Catalyst Academy participants listen to Matt Reid, assistant professor of civil and environmental engineering, discuss the “unseen majority” of microorganisms in soils and their outsized environmental influence.

Cornell extends partnership with Public Prep in NYC

A Cornell graduate student looks on as Curie participants try their hand at PCR analysis to distinguish cells with different DNA sequences for their research project in biomedical engineering.

Cornell University has extended its partnership to incorporate computer science instruction and opportunities for immersive, on-campus science, technology, engineering and mathematics (STEM) engagement with Public Prep, a New York City nonprofit network that develops tuition-free public pre-K and single-sex elementary and middle schools.

Through the College Completion Initiative, Girls Prep and Boys Prep Bronx middle school scholars, as well as Girls Prep alumnae in high school, will have increased opportunities to pursue week-long, campus-based experiences in which they take college classes, live in dorms and gain exposure to college life at Cornell’s Ithaca campus.

Since 2012, more than 60 Girls Prep middle school scholars have spent a week during summer break in Ithaca taking pre-college classes in veterinary science, physics, filmmaking and science fiction writing.

The expanded partnership includes:

In 2017, Cornell Tech on Roosevelt Island selected Girls Prep Lower East Side Middle School as a partner in its Teacher in Residence Program (TIR), in which an experienced computer science educator spends one day a week at Girls Prep, meeting with faculty to provide professional and curriculum development and instructional coaching in computing education. Through the TIR program, Cornell Tech aims to bring computing education to 630 Girls Prep middle school scholars. Cornell Tech is a partner of the New York City Department of Education’s CS4All initiative and the national CSforAll Consortium.

Cornell Engineering’s Office of Diversity Programs has agreed to a three-year partnership in which each year six Girls Prep rising 11th or 12th grade alumnae will be given priority consideration for admission to two summer residential engineering programs. The week-long programs, both led by Cornell faculty and graduate students, are Curie Academy (for high school girls who excel in math and science) and Catalyst Academy (designed to attract students from backgrounds underrepresented in the fields of science, technology, engineering and math).

“This is a welcome partnership because our values are in lockstep.

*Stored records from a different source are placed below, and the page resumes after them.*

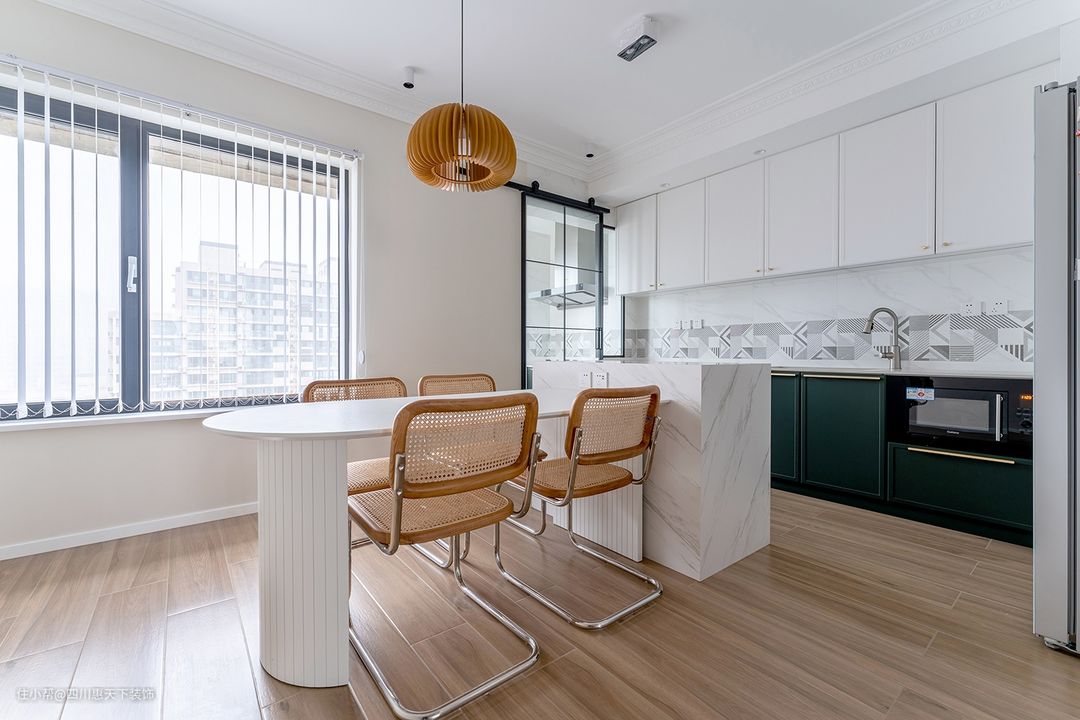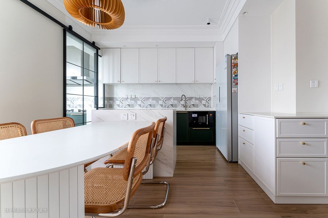 餐厅连接着西厨的中岛,搭配中古藤编的椅子,优雅复古的摩登气质应运而生。餐厨使用环绕型动线,空间灵活动线顺畅,让整个空间自由而通透。 干净素雅的白色餐桌,复古又简洁的餐边柜和西厨,搭配顶部精致的石膏线条和低垂的南瓜灯,营造出温和浪漫的用餐氛围,让宅家的每一餐,都有满满的仪式感。 木质的温暖,杏子灰墙面的轻柔,岩板的整洁,以及搭配不同质感的家具进行融合。温柔的色调和家具的质感,塑造出更自然、舒适的用餐环境。日常一边烧菜的同时,也可以跟家人交流,与最亲密的人享受柴米油盐带来的乐趣。 南北通透的格局,让整个空间通风采光俱佳,阳光透过百叶,将光线洒入室内,构成光影的层次。中厨单独隔出,西厨与餐厅相结合,避免油烟的前提下,释放出更多的生活空间。扩大了空间感,提供更多的生活场景,营造全新的生活方式。
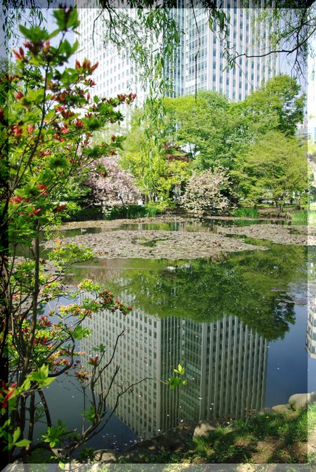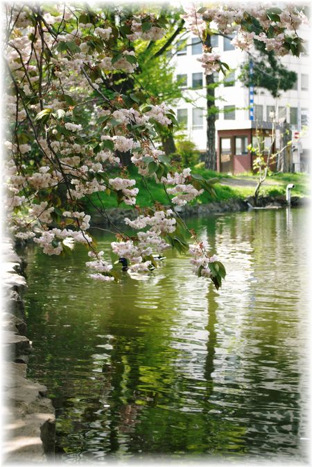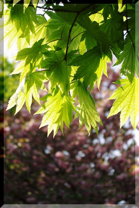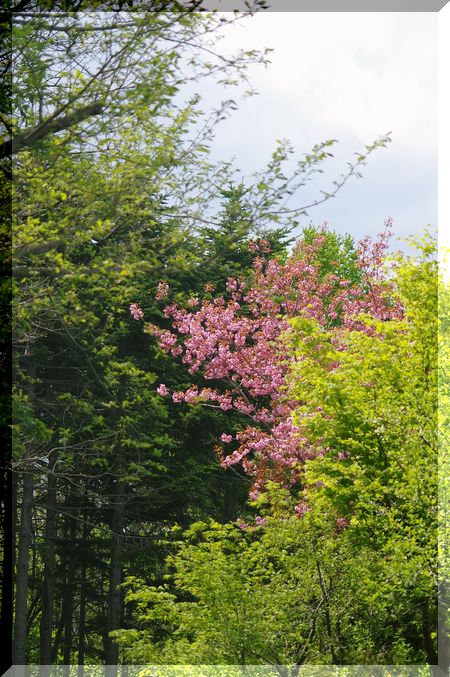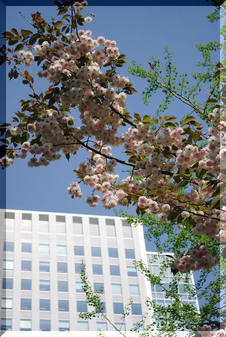 かえでの若葉の向こうには、八重桜が満開でした~♪
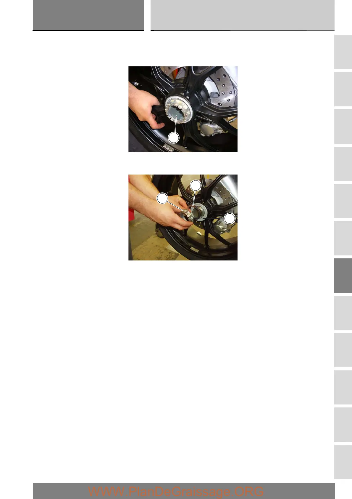 Fully unscrew the wheel nut (1), then slide of the washer (2) and the bush (3).
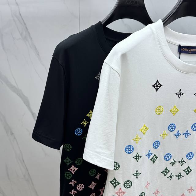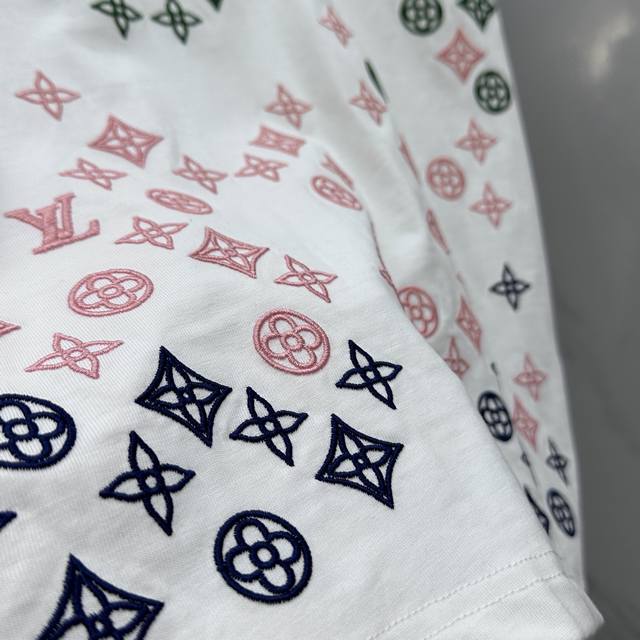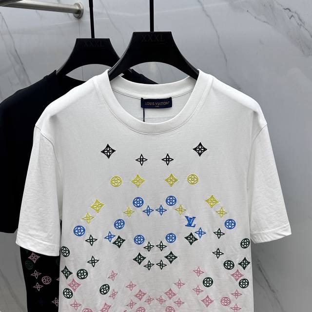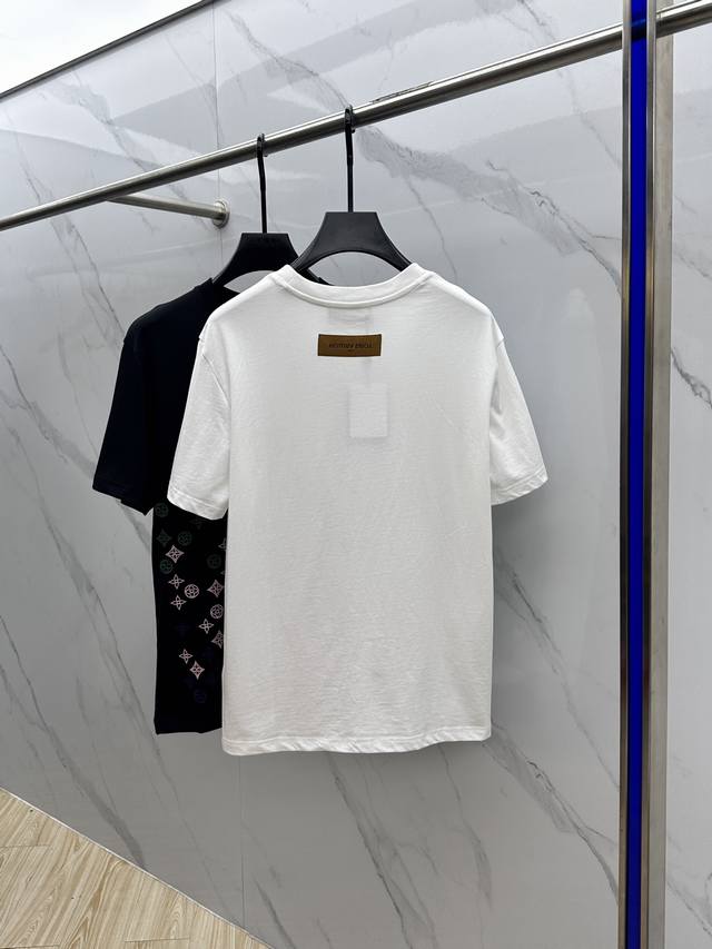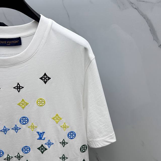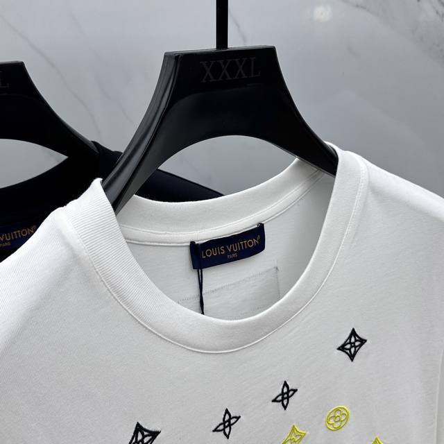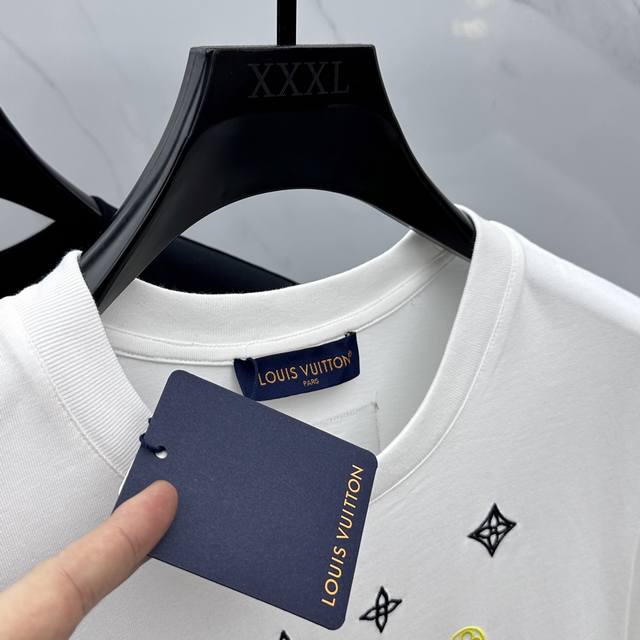 Lv*Louis Vuitton 2025 Spring/Summer new models, the latest short-sleeved round neck T-shirt, high-end custom design, avant-garde fashion! Brand Logo embroidered all over, heavy craftsmanship design, high-end custom long-staple cotton fabric. Soft to the touch. Comfortable to wear. Exquisite stitching at the counter level. Fine workmanship. The upper body effect is invincible and handsome! A must-have item for men!

If some of the young women of Girls Prep decide to matriculate at Cornell they will be joining a college that achieved 51 percent female representation for our first-year class that entered in fall 2017 and where the average GPAs in the college are about at parity between men and women. Moreover, in addition to the growing number of underrepresented minority students in Cornell Engineering, they are graduating at a rate of 87 percent with an engineering degree,” said Mark E. Lewis, senior associate dean for diversity and faculty development.

Said Diane Levitt, Cornell Tech senior director of K-12 partnerships: “We are thrilled to work with Public Prep through the Teacher in Residence program. We appreciate and share Girls Prep’s high expectations for their students and their commitment to prepare them for the digital age. In Girls Prep we have found an ideal partner: leadership with vision, committed, highly professional teachers, and students excited about learning.”

Ian Rowe ’85, CEO of Public Prep said: “At Public Prep, we are determined to graduate 8th-grade scholars who thrive in ‘right-fit,’ college-prep public, private or parochial high schools, and ultimately earn a four-year college degree. These pre-college activities at Cornell and Cornell Tech will help our Boys Prep and Girls Prep middle school scholars – and Girls Prep alumnae in high school – accumulate the types of collegiate experiences that better equip them to handle the academic rigor and social transitions necessary to successfully complete college on time.”

In addition to summer college, Girls Prep will also participate in the Cornell Cognition Leadership Study being conducted in partnership with the lab of Katherine Kinzler, associate professor of psychology and human development at Cornell, and the National Coalition of Girls Schools. The study, funded in part by the Cornell Center for the Study of Inequality, aims to explore the benefits of an all-girls education on leadership ideals in elementary students.